I really like this new program and I want you all to give it a try. Watch for more FlyAway bus routes coming soon, and for more info on this great new program, visit the Los Angeles World Airports website at www.lawa.org.
Friday, September 08, 2006
Given how lucky we are to embrace the Santa Monica Bay, the quality of our waters is a significant issue for our district, and a priority for Bill. It's also a priority for the citizens of Los Angeles, who in 2004 overwhelmingly approved Proposition O- a $500 million general bond measure to help the city of Los Angeles clean up the polluted storm water that flows to our rivers, lakes, and beaches. Storm water runoff caused by rain, irrigation, and other water sources carries tons of trash and dangerous bacteria from our streets directly to our rivers, oceans and beaches, without treatment.
On August 18th, we moved closer to improving our water quality when the City Council approved seven Prop O projects, two of which are in our district and aimed directly at improving water quality. These two projects will help to address Federal Clean Water Act standards, called "Total Maximum Daily Loads", or TMDLs, which are the maximum amount of a pollutant that the water body can receive and still meet water quality standards.

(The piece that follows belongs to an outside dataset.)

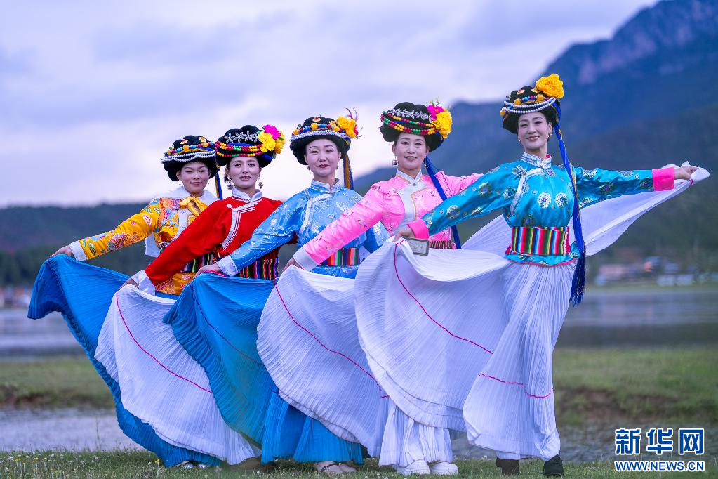7月3日,寧蒗縣各族群眾展示民族服飾。

The first of these projects is an upgrade of eight low flow diversion (LFD) facilities to divert dry weather surface runoff to the Hyperion Treatment Plant for treatment. The Council funded this project at $5.98 million (design only). Currently, these LFDs operate during the summer months from April to October, but will eventually operate year round for dry weather flows. Upon completion of the City’s eight LFDs upgrade, 100% of the dry weather flow will be diverted to the sanitary sewer for treatment at the Hyperion Treatment Plant. This will eliminate 100% of the bacteria, oil and grease, metals, and other pollutants that are currently being discharged to the Santa Monica Bay during year-round dry weather flow. (Projects are currently being analyzed for treating wet weather flow.)

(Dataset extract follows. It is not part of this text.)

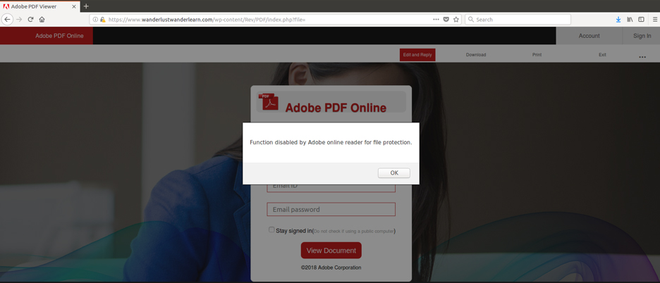 A simple anti-analysis technique used by scammers is disabling the right click functionality to prevent users from checking the page source. This can be seen in the phishing page below, which is pretending to be an Adobe Online document.

The second of these projects was funded by the Council in the amount of $13.3 million and is comprised of three components, two of which (below) are in CD11:
- The first is located within the Venice area and will create shallow, landscaped depression basins to infiltrate storm water through the creation of 20 tree wells. Pollutants are removed by a number of processes and the filtered runoff can either be allowed to infiltrate into the surrounding soil, or be discharged to the storm sewer system.

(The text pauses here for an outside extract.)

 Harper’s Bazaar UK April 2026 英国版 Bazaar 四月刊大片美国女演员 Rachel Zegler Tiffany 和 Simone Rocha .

- The second component of this project is at the Mar Vista Recreation Center. The project will divert dry weather flows and the “first flush” from the Sawtelle Channel to the adjacent Mar Vista Recreation Center and Park. Two acres on the east ball field will be retrofitted to divert flow from storm drains and a cistern will be built, providing for water reuse through irrigation. A smart irrigation system will also be built, which will water the fields only when weather and soil properties indicate irrigation is necessary.